In the course of a step 210 the device 105 determines a requested date of transmission of the numerical value. For example, the device 105 possesses, for each pair of requester and issuer devices, a fixed lag, that it adds to the current date. According to another example, the device 105 determines, in the message received from the requesting computer system, a requested transmission lag, that it adds to the current date or a requested transmission date. The construction of such messages is of type known to the person skilled in the art, by implementing a message structure comprising several predetermined fields.
In the course of a step 210, the device 105 stores the current date, the identification of the transmission of requested value, the requested numerical value, the issuer computer system which is the destination of the request, and the requested date of transmission of the numerical value.
In the course of a step 212, the device 105 determines whether a requested transmission has been performed, as a function of at least one message originating from a destination computer system 165 and 170. Else, the device 105 passes to a step 224. If so, in the course of a step 214, the device 105 identifies the transmission of requested value concerned. In the course of a step 216, the device 105 identifies the issuer computer system which transmitted the numerical value.
In the course of a step 218, the device 105 stores the current date, the identification of the transmission of requested value and the identification of the issuer computer system.
In the course of a step 220, the device 105 determines a lag between the requested transmission date and the current date and associates it, in memory, with the identification of the numerical value and the identification of the issuer computer system.
In the course of a step 222, the device 105 deducts a possible lag due to a normal inactivity of the issuer, as a function of stored knowledge of inactivity periods.

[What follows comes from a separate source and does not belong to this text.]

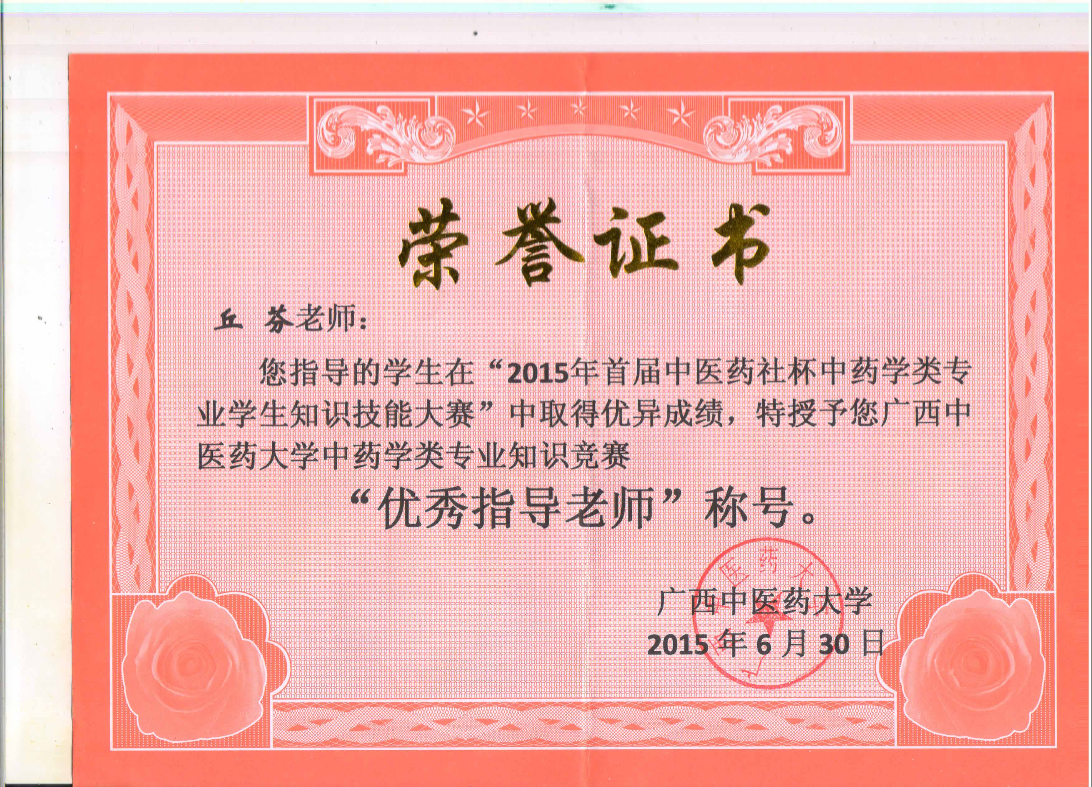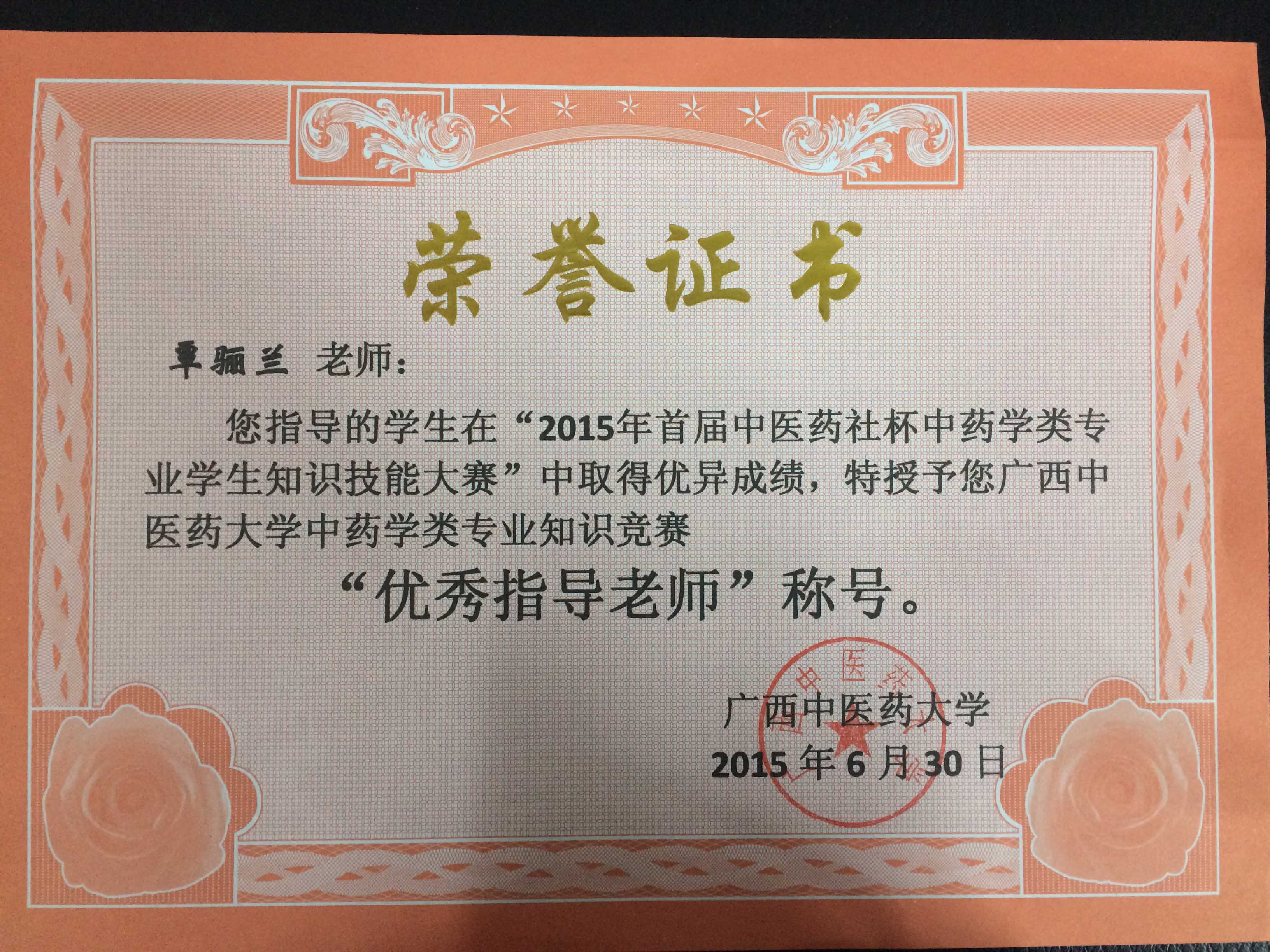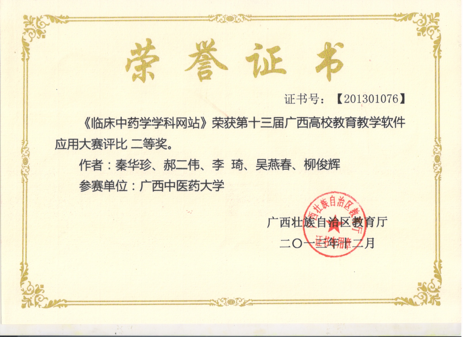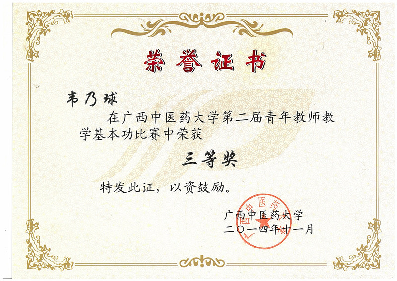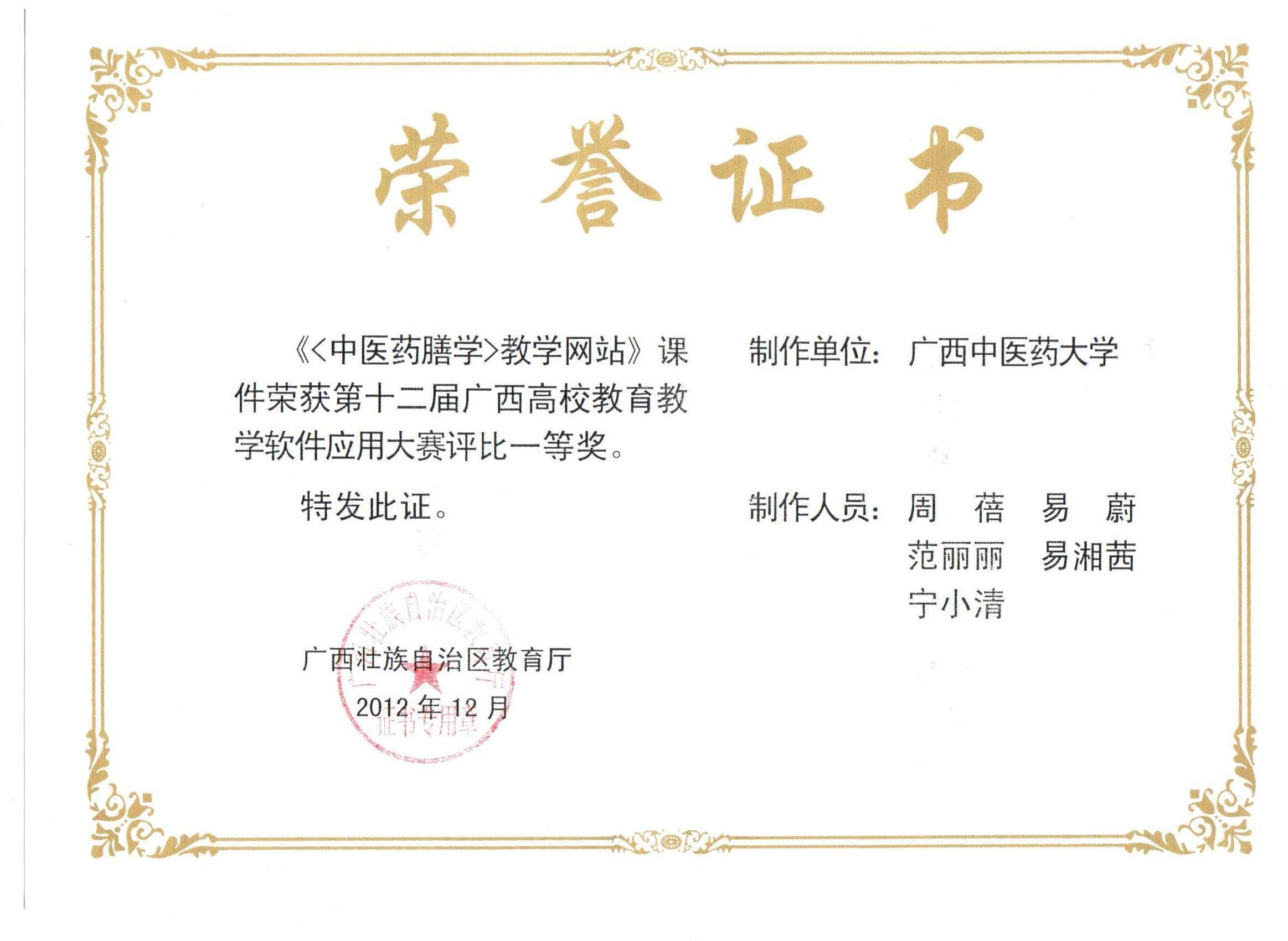 中药教研室获奖证书 发布时间:2017-05-06 17:16:07 浏览次数: 次 【字体:小 大】 《<中医药膳学>教学网站》课件荣获第十二届广西高校教育教学软件应用大赛评比一等奖 覃骊兰老师荣获“优秀指导老师”称号 丘芬老师荣获“优秀指导老师”称号 周蓓同志荣获自然科学应用学科组一等奖 周蓓老师获“中医药社杯”基础初中级组优秀奖 《中医药膳学》在“第十三届全国多媒体课件大赛”中获高教医学组优秀奖 《临床中药学学科网站》荣获第十三届广西高校教育教学软件应用大赛评比二等奖 韦乃球在YABO鸭脖第二届青年教师教学基本功比赛中荣获三等奖 覃骊兰老师荣获第二届“中医药社杯”优秀奖 分享到: 【打印正文】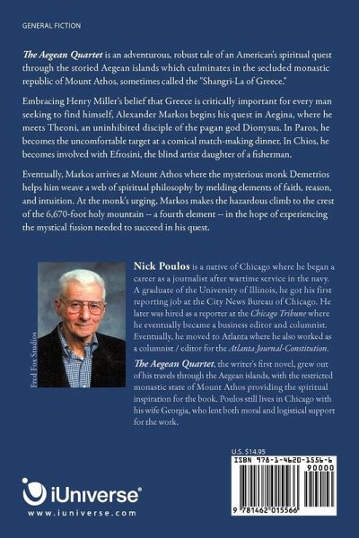 The Aegean Quartet is an adventurous, robust tale of an American's spiritual quest through the storied Aegean islands which culminates in the secluded monastic republic of Mount Athos, sometimes called the "Shangri-La of Greece." Embracing Henry Miller's belief that Greece is critically important for every man seeking to find himself, Alexander Markos begins his quest in Aegina, where he meets Theoni, an uninhibited disciple of the pagan god Dionysus. In Paros, he becomes the uncomfortable target at a comical match-making dinner. In Chios, he becomes involved with Efrosini, the blind artist daughter of a fisherman. Eventually, Markos arrives at Mount Athos where the mysterious monk Demetrios helps him weave a web of spiritual philosophy by melding elements of faith, reason, and intuition. At the monk's urging, Markos makes the hazardous climb to the crest of the 6,670-foot holy mountain -- a fourth element -- in the hope of experiencing the mystical fusion needed to succeed in his quest.

For example, if the issuer computer system or the destination computer system is inactive each night, from one hour to another, for example for maintenance, updating, data backup, running of a program for detecting and/or eliminating malicious software or reinitialization, if the requested date of transmission corresponded to a night and if the current date lies in the first minutes of the new day, the lag between the requested date and the current date is considered to be zero. Likewise, if the issuer computer system or the destination computer system is inactive during weekends, public vacations and certain “long weekends”, the current lag between the requested date of transmission and the end of the inactivity period is deducted if the transmission takes place at the end of an inactivity period.
In the course of a step 224, the device 105 determines whether a predetermined duration is completed. For example, each predetermined duration corresponds to a minute or to a month. Else, the device 105 returns to step 202. If so, in the course of a step 226, the device assigns, to each transmission whose requested transmission date has passed, the current date as date of transmission and determines the lag between these two dates as set forth in regard to steps 220 and 222.
In the course of a step 228, the device 105 determines at least one statistical quantity value representative of each lag determined in the course of steps 220, 222 and 226. For example a statistical quantity is a mean of the lags. For example, a statistical quantity is an average of the lags weighted by the requested numerical values.
In the course of a step 230, the device 105 determines an evolution, over at least two predetermined durations, of the values of each statistical quantity.
In the course of a step 232, the device 105 compares said evolution with a predetermined limit value and determines whether the evolution is greater than said predetermined limit value. For example the predetermined limit value is equal to a quarter, a third or a half of the duration separating the middle of each predetermined duration. For example, if each predetermined duration covers a month and is offset by a fortnight from the previous predetermined duration, the predetermined limit value is, in these examples, respectively equal to 3.75 days, 5 days or 7.5 days. In variants, at least one predetermined limit value is dependent on at least one past evolution of the physical quantity. For example, if in the month of August of each year, the evolution of the value of the physical quantity is +five days, the predetermined limit value is, for the month of August, increased by a fraction of these five days, for example 2.5 days.
According to another example, if the average of the positive evolutions for a predetermined duration, for example a year, is two days, a value greater than double or triple this average is fixed as limit value, for example at four or six days.
In variants, the value of the statistical quantity is taken account of and its evolution is compared with the limit value only if this value is greater than another limit value, for example “2 days”. Thus, no alarm is triggered if the delay noted is in the average over a predetermined period, for example a year or in a limited proportion.
If the result of step 232 is negative, step 202 is returned to. If the result of step 232 is positive, in the course of a step 234, the device 105 issues an alarm message destined for each of the requesting computer systems. Next, the device 105 returns to step 202.

Claims

1. A method of tracking the evolution of a physical quantity, comprising:

a step of storing a plurality of dates of transmissions of numerical values requested by requests issued by so-called “requesting” entities destined for the same so-called “issuing” entity sending numerical values,

for each so-called transmission actually carried out subsequent to a so-called request, a step of storing the date of transmission and a step of determining the lag between the date of the actual transmission and the corresponding requested transmission date,

for each of a plurality of predetermined durations, a step of determining a statistical quantity representative of the so-called lags,

a step of determining the evolution of said statistical quantity between at least two of the so-called predetermined durations and

a step of comparing said evolution with a predetermined limit value.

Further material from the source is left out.